Versatile Seed Mix is a jumble of  seeds that can be used in a variety of way.

Have you even been to those traditional shops selling groundnuts, chickpeas, popcorn, various seeds, rice flakes, rice puffs, fryums etc.  mostly found on busy streets or market places  of our towns and cities?? These shops always sold roasted seeds of watermelon and rock-melon.The lightly toasted and salted seeds  tasted really  good. As a kid I often accompanied my father to these shing-chana ni dukaan  and  I would always come back with a handful of these seeds wrapped in a paper cone. For me these seeds made a good snack while playing outdoors. But as our trips to these  shops became occasional the seeds also stopped making an appearance on my platter. And today we hardly see such shops and much of the traditions it held.
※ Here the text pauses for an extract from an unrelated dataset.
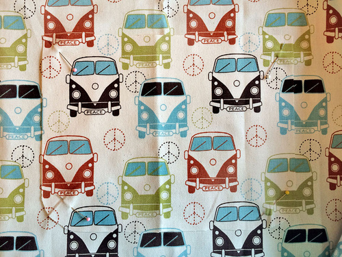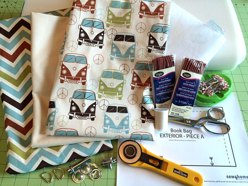 - ½ yard of 44″+ wide medium-weight duck, canvas or similar for the bag and flap exterior; we originally used 54″ 100% cotton duck Love Bus Village in Natural by Premier Prints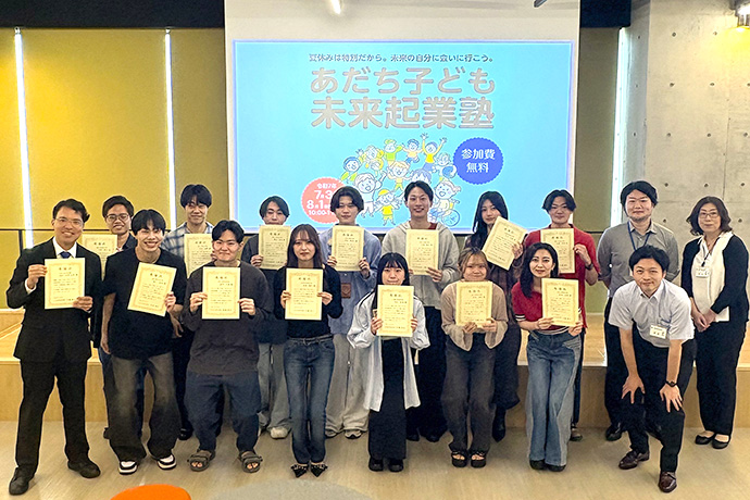「あだち子ども未来起業塾」(主催:足立区、開催日時:2025年7月31日~8月2日)において、参加した小学生を支援した経営学部 田中克昌ゼミナールの学生(14名)に対し、足立区産業経済部より、感謝状が贈呈されました。

Nonetheless,  a wide variety of these seeds could now be found in the speciality stores.   Pumpkin, sunflower, melon, flax a lot of them. I love using them in a variety of my foods, even the Sukhdi I make of my girls has couple of spoons of these  seeds. In fact, I keep a jar of roasted seeds ready for my every day use., that way I am save the hassle of fetching multiple bottles! My dalia breakfast to  the overnight oats to  salads, all have a generous spoonful of these seeds. I even love to munch on them 😉

Seeds  are wonderful source of nutrition and have numerous health benefits. A mix of these seeds actually makes a very good edible gift.And thankfully it does not take much time or effort to put it together. A little bit of warmth and care, like we all do, is all they need to burst with life and flavors. Don’t believe? Try it.. make it for people you care and wish best for.. it truly makes a thoughtful gift. They sure will love it!! Trust me😊 Oh yes, you can add your own twists and spices to the mix. I have kept it simple so that I can used them is both my sweet and savory foods.

Seeds Mix 1 (1 of 1)

Versatile Seed Mix

Print Recipe


  • 1/2 cup pumpkin seeds
  • 1/2 cup sunflower seeds
  • 1/2 cup melon/magaz seeds
  • 1/2 cup of almonds, slivered
  • 1/4 cup white sesame seeds
  • 1/4 cup black sesame seeds
  • 2 tablespoons flax seeds
  • 2 tablespoons chia seeds



Place a heavy bottom kadai or a deep roasting pan on a medium to slow flame.


Add all the ingredients and roast them on a very low flame for 10 minutes or until the seeds would have warmed up well and begin to release their pleasant aromas.


Turn off the flame and allow them to cool down.


You may transfer the seeds to another bowl as they will continue to roast in the kadai and you might burn them or remember to keep stirring occasionally while they cool in the Kadai.


Once cooled transfer in an air tight container.


Use as required in your porridge, salads, overnight oats, granola, sukhdi or simply munch on them.